Reparan legajo de universitario misionero víctima de la dictadura en La Plata
Héctor Araujo era misionero. Tenía 23 años. Estudiaba medicina en La Plata y el 22 de diciembre de 1976 fue acribillado a balazos durante un operativo militar. Para la Universidad, El Negrito o El Misio, como lo conocían, quedó como uno de los tantos jóvenes que abandonan los estudios, pero ayer su legajo fue reparado y ahora figura como un estudiante cuyo futuro fue frustrado por las balas de la dictadura militar.

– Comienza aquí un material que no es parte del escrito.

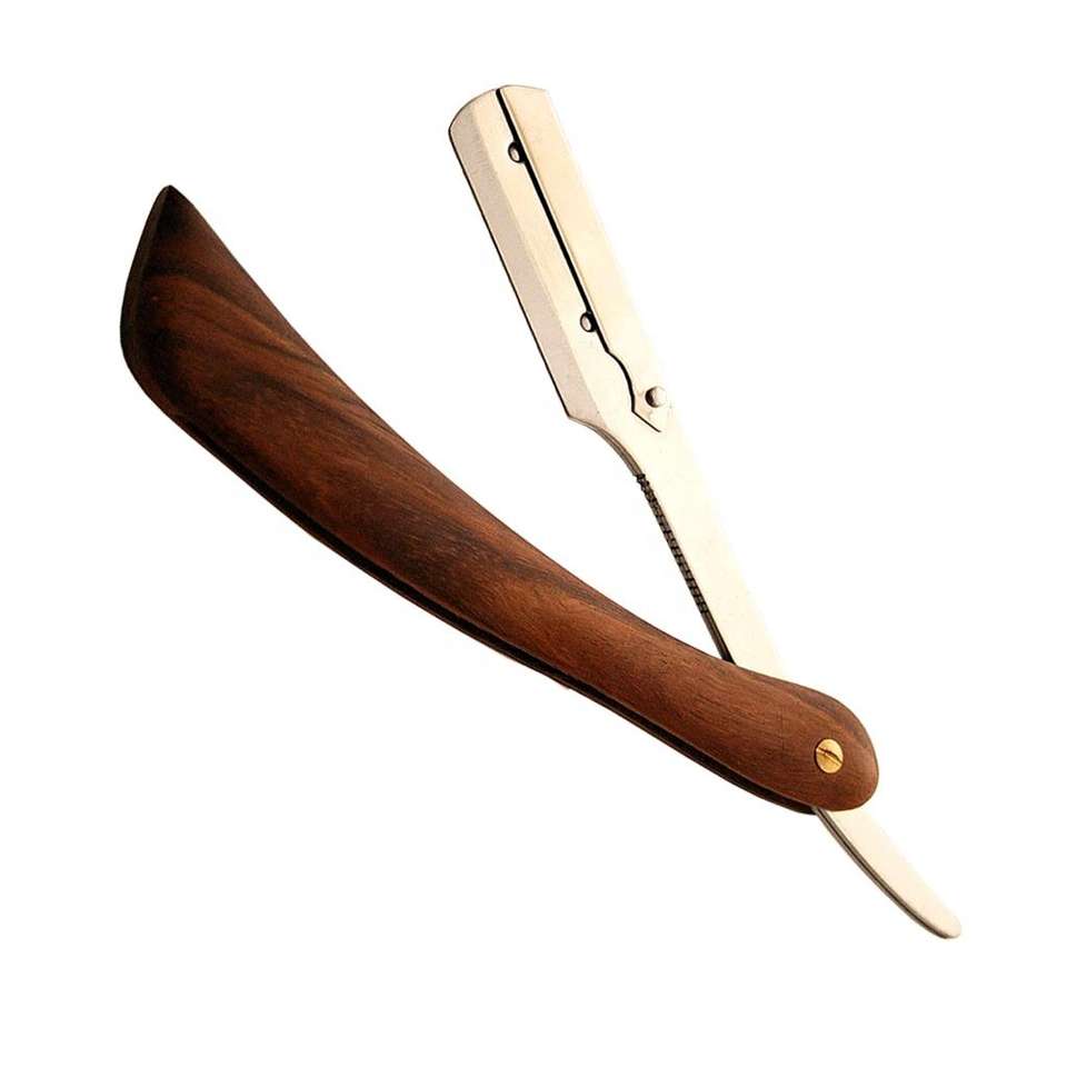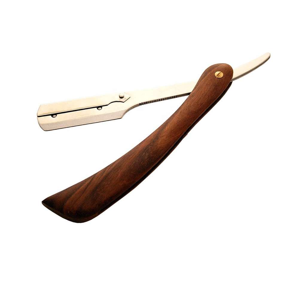 มีดโกนสำหรับผู้ชายมีดโกนหนวดแบบมีขอบตรงด้ามจับไม้มีดโกนแบบใช้มือคุณภาพสูงสำหรับใช้ขัดผิวหน้า
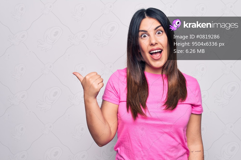 Young beautiful brunette woman wearing casual pink t-shirt standing over white background smiling with happy face looking and pointing to the side with thumb up. - Kraken Images

El acto de reparación se llevó adelante ayer, en la misma casa de estudios donde Araujo cursó cinco años de carrera. En la ceremonia, la universidad, en cabeza de su presidente, Martín López Armengol, se entregaron otros 157 legajos reparados correspondientes a estudiantes, docentes, no docentes y graduados que fueron víctimas del terrorismo de Estado.
Araujo era oriundo de Oberá. En 1971 se inscribió en la Facultad de Ciencias Médicas en La Plata y cursó hasta quinto año. En paralelo, militaba en la Juventud Peronista y para 1976 ya era parte de la organización Montoneros.
El 22 de diciembre de ese año fue acribillado en la vía pública junto a su compañero Miguel Ángel Sotelo Castro.
Para ese entonces, el misionero estaba en pareja con Mecha, a quien conoció durante sus años de estudio y con quien esperaba una niña que nació apenas un mes después, el 15 de enero de 1977. Fernanda nunca conoció a su padre, pero tampoco nunca desconoció su historia y ayer estuvo presente en el acto de reparación.
"Fue un acto muy emotivo. Está bueno ahora que el legajo indique que mi papá no fue un alumno que de un día para el otro dejó de estudiar, si no que fue una persona que la dictadura militar hizo que se trunque sus estudios. Mi papá llegó hasta quinto año, pero no se recibió porque lo mataron", expresó Fernanda en diálogo con La Voz de Misiones.
La mujer, hoy de 45 años, añadió que "hasta el día de hoy me emociono y lloro por el tema. Es una herida que no va a cerrar, pero sí me gusta que existan estas pequeñas reparaciones".
"La reparación también es importante porque nosotros encontramos cuatro pilares en lo que es la cuestión estructural del terrorismo de Estado: la Memoria, la Verdad, la Justicia y también la Reparación", concluyó el legislador misionero también vinculado organismos de Derechos Humanos.